I Don't Have to Interpret for Meanies

Sometimes I have to remember to take care of myself and not interpret for people, organizations, or situations that I consider abusive.

If I think a certain company is scamming people, then I don’t have to interpret for that company. If a certain client is abusive to me and/or everyone s/he communicates with, then I don’t have to interpret for that person. If I am so disturbed by what I am interpreting that I don’t feel I can remain impartial and interpret faithfully, then I have an ethical duty to abstain from interpreting.

Most important — for the preservation of my own mental health — I have the right to refuse to interpret for anything or anyone that I conscienciously object to. And I will exercise that right!

Author: Daniel Greene

I facilitate communication between Deaf and hearing people, and I teach people American Sign Language (ASL) and interpreting. Apart from doing the work I love, my greatest joys are family & friends, entertainment, food, photography, and travel.
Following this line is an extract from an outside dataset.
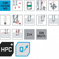 Высокопроизводительная концевая фреза для универсального применения. Чистовая, черновая и черновая обработка одним и тем же инструментом. Различные углы спирали влияют на плавность хода без вибрации и отличную поверхность. Поколение 4.0 устанавливает новые стандарты производительности резки.

1 thought on “I Don't Have to Interpret for Meanies”

  1. I felt compelled to respond to this post as this is a subject I feel very strongly about. Just as you have the right to refuse to interpret for a business you believe is scamming people, so do we, the consumers, have the right to refuse to patronize those businesses whose code of ethics violates our own principles. Sometimes the best way to communicate with a business is to hit them in the wallet!